Assignment | Would you restate, word for word, only the lines starting at the one with "(319) 752-31961/2 Ctw" and ending with the final line of the entries below? Pictures stay out.

Records to process |
○ ○ ○ ○

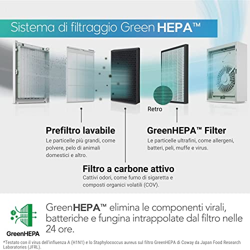 COWAY AIRMEGA 150 Purificatore d'Aria con Tecnologia GreenHEPA - Rimuove il 99,999% di Particelle fino a 0,01 µm*, Virus e Aerosol - Certificato ECARF per Soggetti Allergici (White)
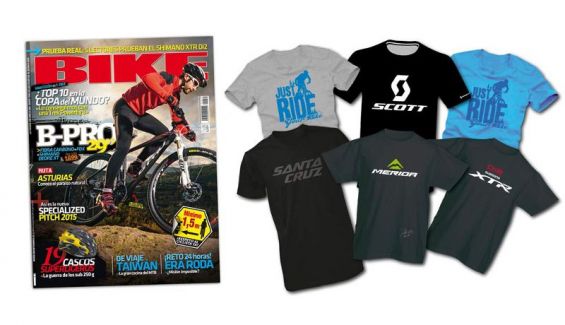 Este mes BIKE viene muy bien acompañado. Si tú quieres, por sólo 4,99€ podrás llevarte BIKE con camiseta exclusiva. Si no quieres, también está a la venta BIKE sin camiseta a su precio habitual. Hay hasta seis diseños diferentes, con camisetas de marcas como Merida, Santa Cruz, Scott o Shimano XTR di2, además de dos diseños exclusivos de BIKE.
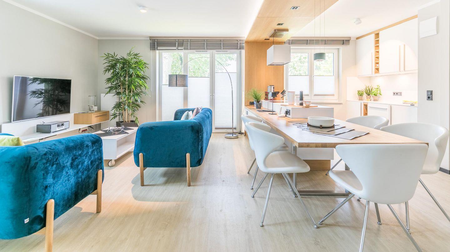 Sie werden im warmbeleuchteten Eingangsbereich empfangen. Durch eine Glasfront kommen Sie in die offene Wohnküche. Ein außerordentliches Ambiente erwartet Sie:
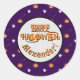 Cet autocollant éffrayant d'Halloween est décoré de citrouilles drôles, de fantômes, de chauves-souris et d'yeux effrayants sur un arrière - plan violet foncé imitant la nuit d'Halloween. Le message central est très drôle avec Halloween écrit en utilisant un citrouille. Nom du destinataire personnalisable. Parfait pour célébrer la saison d'Halloween !
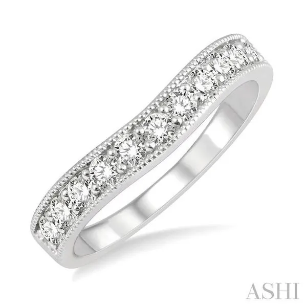 (319) 752-31961/2 Ctw Arched Round Cut Diamond Wedding Band in 14K White Gold
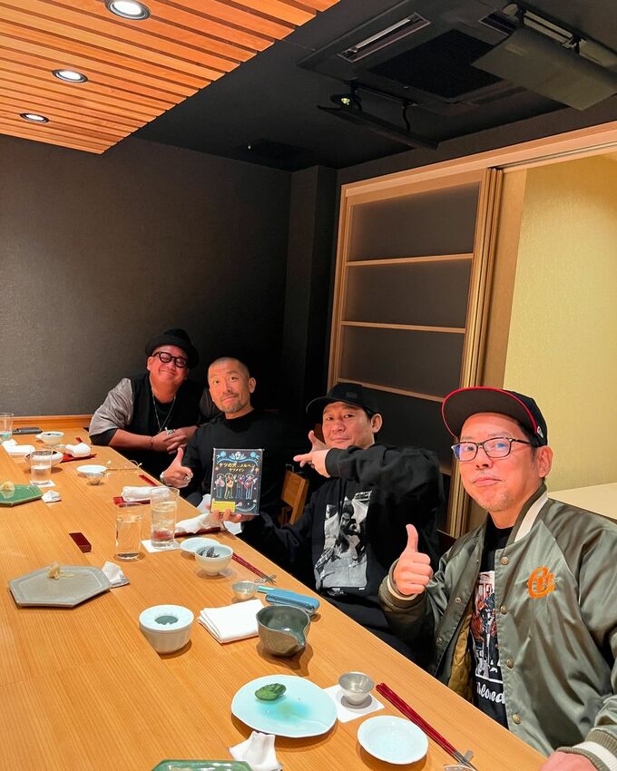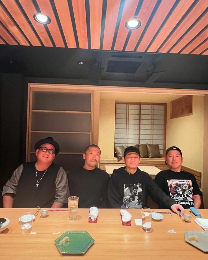 大蔵さんは「記憶が正しければ。。。結成約30年…メンバー4人だけで食事をした初めての場所が、まさかのお寿司屋さんのカウンターでした!!(俺たちも大人になったなー)」と綴ると、4ショット写真をアップ。

○ ○ ○ ○

Exercise response |
 (319) 752-31961/2 Ctw Arched Round Cut Diamond Wedding Band in 14K White Gold
 大蔵さんは「記憶が正しければ。。。結成約30年…メンバー4人だけで食事をした初めての場所が、まさかのお寿司屋さんのカウンターでした!!(俺たちも大人になったなー)」と綴ると、4ショット写真をアップ。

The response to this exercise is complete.